### Problem details
Return all the entries word for word, minus the pictures.
Information shown section start
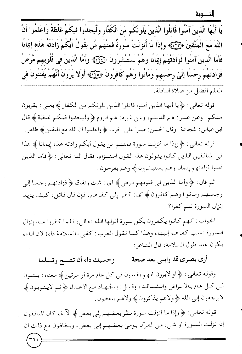 {يَا أَيهَا الَّذين آمنُوا قَاتلُوا الَّذين يلونكم من الْكفَّار وليجدوا فِيكُم غلظة وَاعْلَمُوا أَن الله مَعَ الْمُتَّقِينَ (123) وَإِذا مَا أنزلت سُورَة فَمنهمْ من يَقُول أَيّكُم زادته هَذِه إِيمَانًا فَأَما الَّذين آمنُوا فزادتهم إِيمَانًا وهم يستبشرون (124) وَأما الَّذين فِي قُلُوبهم مرض فزادتهم رجسا إِلَى رجسهم وماتوا وهم كافرون (125) أَولا يرَوْنَ أَنهم يفتنون فِي} الْعلم أفضل من صَلَاة النَّافِلَة.
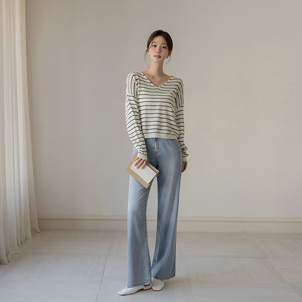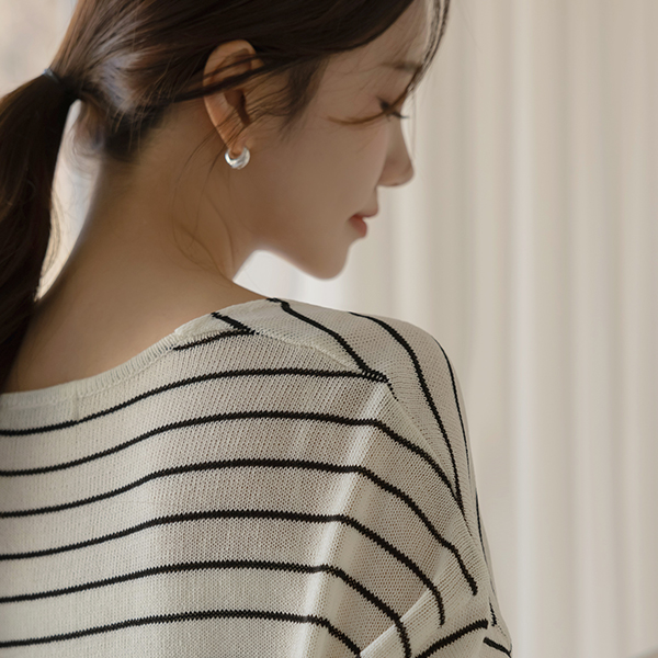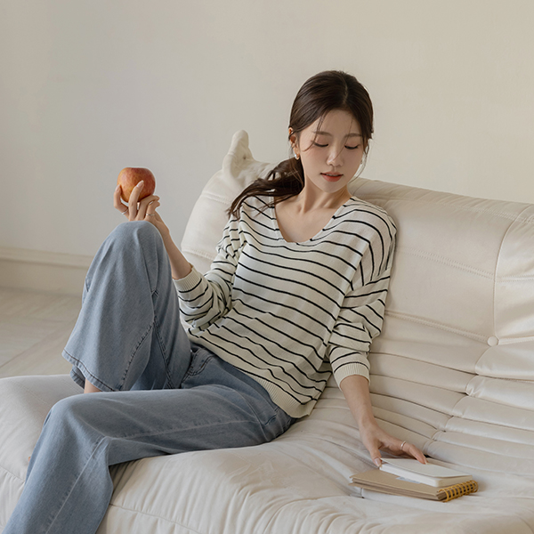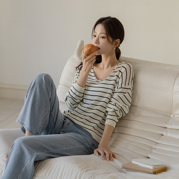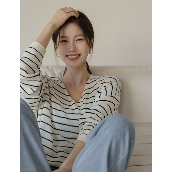 亚麻 苗条 宽松 V领 横条纹 针织衫
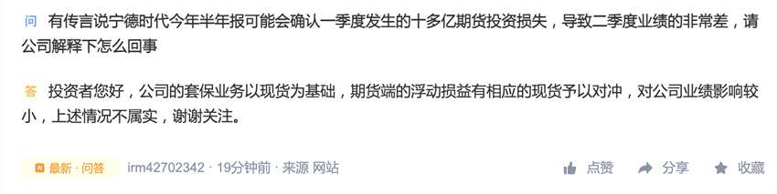 寧德時代:“半年報可能會確認(rèn)一季度發(fā)生的十多億期貨投資損失 導(dǎo)致二季度業(yè)績非常差”的傳言不屬實(shí)
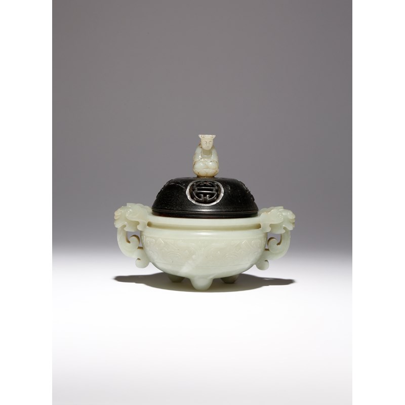 Carved to the exterior with a band of archaistic taotie masks, the body flanked by two handles issuing from the mouths of mythical beasts, the stone with some russet inclusions, together with a wood cover pierced with medallions and surmounted by a seated figure, all raised on three tapering feet, 10.8cm dia, 16cm max. (2)
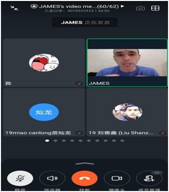 Howell老师通过钉钉平台进行直播授课,教授学生关于微电影创作方面的相关知识,从基础知识开始,一步步的教学生们如何进行微电影创作。James老师幽默风趣、教学方法独特且新颖,广受同学们的一致好评,得到同学们的一致认可。
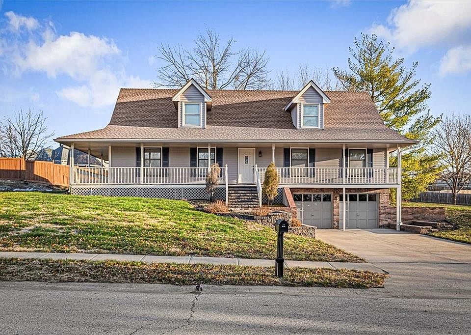 KEARNEY CHARMER in established Jamestowne subdivision! Situated on a large corner lot, this 1.5 story home offers a welcoming entrance with an expansive covered wraparound porch. Inside, you are greeted with a formal dining room which flows into the eat-in kitchen with island. The large great room boasts a gas fireplace, wainscoting and wood beams, The home is filled with gorgeous solid wood doors, wood trim and crown moulding for a warm and cozy feel. The first-floor master suite features a generous bath with garden tub, double-sink vanity, and shower. During the warmer months, the screened porch offers a peaceful place to enjoy the outdoors. The second floor boasts two nice-sized bedrooms with dormers and double closets, and a full bathroom between. The basement is a clean slate, ready-to-finish and stubbed for an additional bathroom if needed. Come take a look at this lovely home in a great neighborhood!
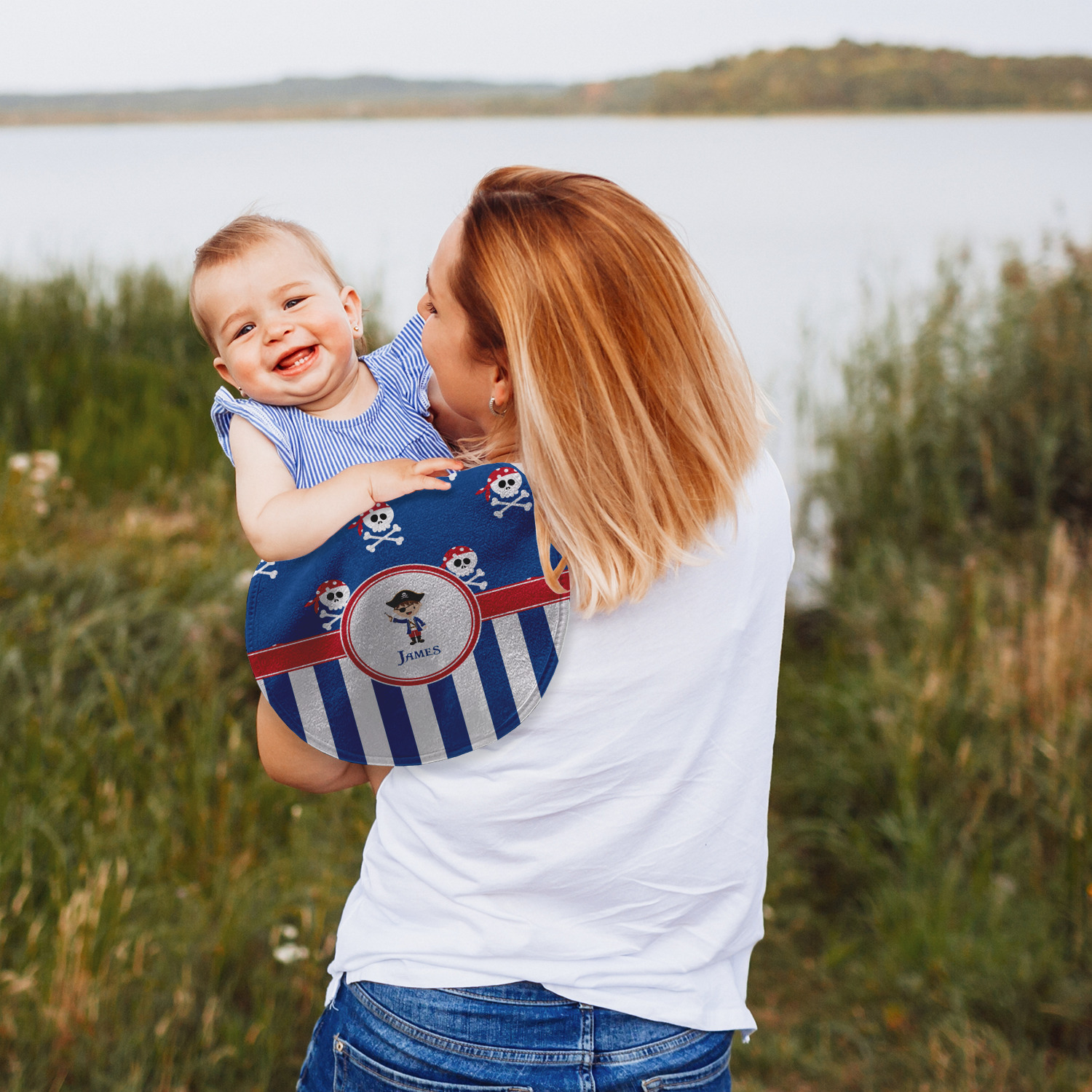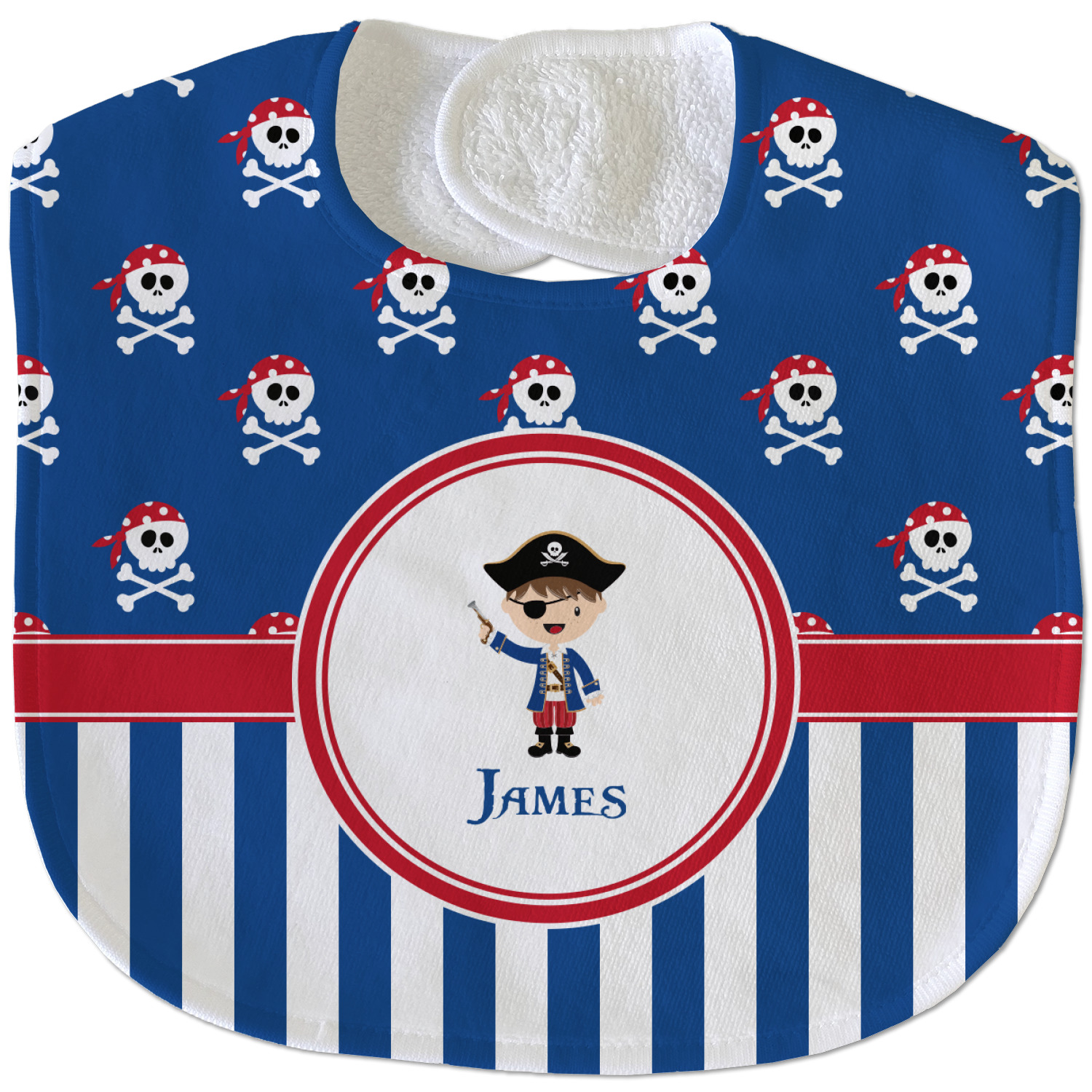 A wide band of red, trimmed in white highlight the pirate boy in the circle label. Add your personalization in the label to complete the look.
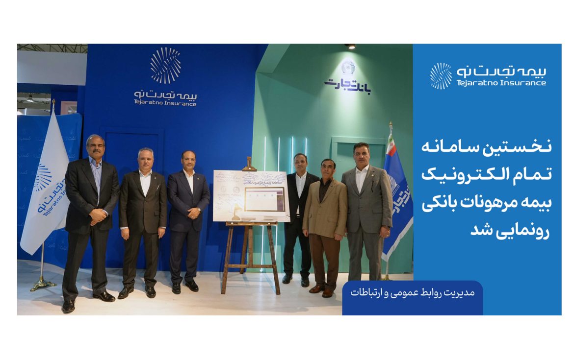 رونمایی از نخستین سامانه تمام الکترونیک بیمه مرهونات بانکی توسط بیمه تجارتنو و بانک تجارت، روز سهشنبه ۱۵ آبانماه، در دومین روز از نمایشگاه کیش اینوکس ۲۰۲۴ با حضور جناب آقای زمردیان رئیس محترم هیات مدیره، جناب آقای درگاهی نائب رئیس محترم هیات مدیره و جناب آقای رضوانی مدیرعامل محترم شرکت بیمه تجارتنو رونمایی شد.
Information shown section end
### Output
 {يَا أَيهَا الَّذين آمنُوا قَاتلُوا الَّذين يلونكم من الْكفَّار وليجدوا فِيكُم غلظة وَاعْلَمُوا أَن الله مَعَ الْمُتَّقِينَ (123) وَإِذا مَا أنزلت سُورَة فَمنهمْ من يَقُول أَيّكُم زادته هَذِه إِيمَانًا فَأَما الَّذين آمنُوا فزادتهم إِيمَانًا وهم يستبشرون (124) وَأما الَّذين فِي قُلُوبهم مرض فزادتهم رجسا إِلَى رجسهم وماتوا وهم كافرون (125) أَولا يرَوْنَ أَنهم يفتنون فِي} الْعلم أفضل من صَلَاة النَّافِلَة.
 亚麻 苗条 宽松 V领 横条纹 针织衫
 寧德時代:“半年報可能會確認(rèn)一季度發(fā)生的十多億期貨投資損失 導(dǎo)致二季度業(yè)績非常差”的傳言不屬實(shí)
 Carved to the exterior with a band of archaistic taotie masks, the body flanked by two handles issuing from the mouths of mythical beasts, the stone with some russet inclusions, together with a wood cover pierced with medallions and surmounted by a seated figure, all raised on three tapering feet, 10.8cm dia, 16cm max. (2)
 Howell老师通过钉钉平台进行直播授课,教授学生关于微电影创作方面的相关知识,从基础知识开始,一步步的教学生们如何进行微电影创作。James老师幽默风趣、教学方法独特且新颖,广受同学们的一致好评,得到同学们的一致认可。
 KEARNEY CHARMER in established Jamestowne subdivision! Situated on a large corner lot, this 1.5 story home offers a welcoming entrance with an expansive covered wraparound porch. Inside, you are greeted with a formal dining room which flows into the eat-in kitchen with island. The large great room boasts a gas fireplace, wainscoting and wood beams, The home is filled with gorgeous solid wood doors, wood trim and crown moulding for a warm and cozy feel. The first-floor master suite features a generous bath with garden tub, double-sink vanity, and shower. During the warmer months, the screened porch offers a peaceful place to enjoy the outdoors. The second floor boasts two nice-sized bedrooms with dormers and double closets, and a full bathroom between. The basement is a clean slate, ready-to-finish and stubbed for an additional bathroom if needed. Come take a look at this lovely home in a great neighborhood!
 A wide band of red, trimmed in white highlight the pirate boy in the circle label. Add your personalization in the label to complete the look.
 رونمایی از نخستین سامانه تمام الکترونیک بیمه مرهونات بانکی توسط بیمه تجارتنو و بانک تجارت، روز سهشنبه ۱۵ آبانماه، در دومین روز از نمایشگاه کیش اینوکس ۲۰۲۴ با حضور جناب آقای زمردیان رئیس محترم هیات مدیره، جناب آقای درگاهی نائب رئیس محترم هیات مدیره و جناب آقای رضوانی مدیرعامل محترم شرکت بیمه تجارتنو رونمایی شد.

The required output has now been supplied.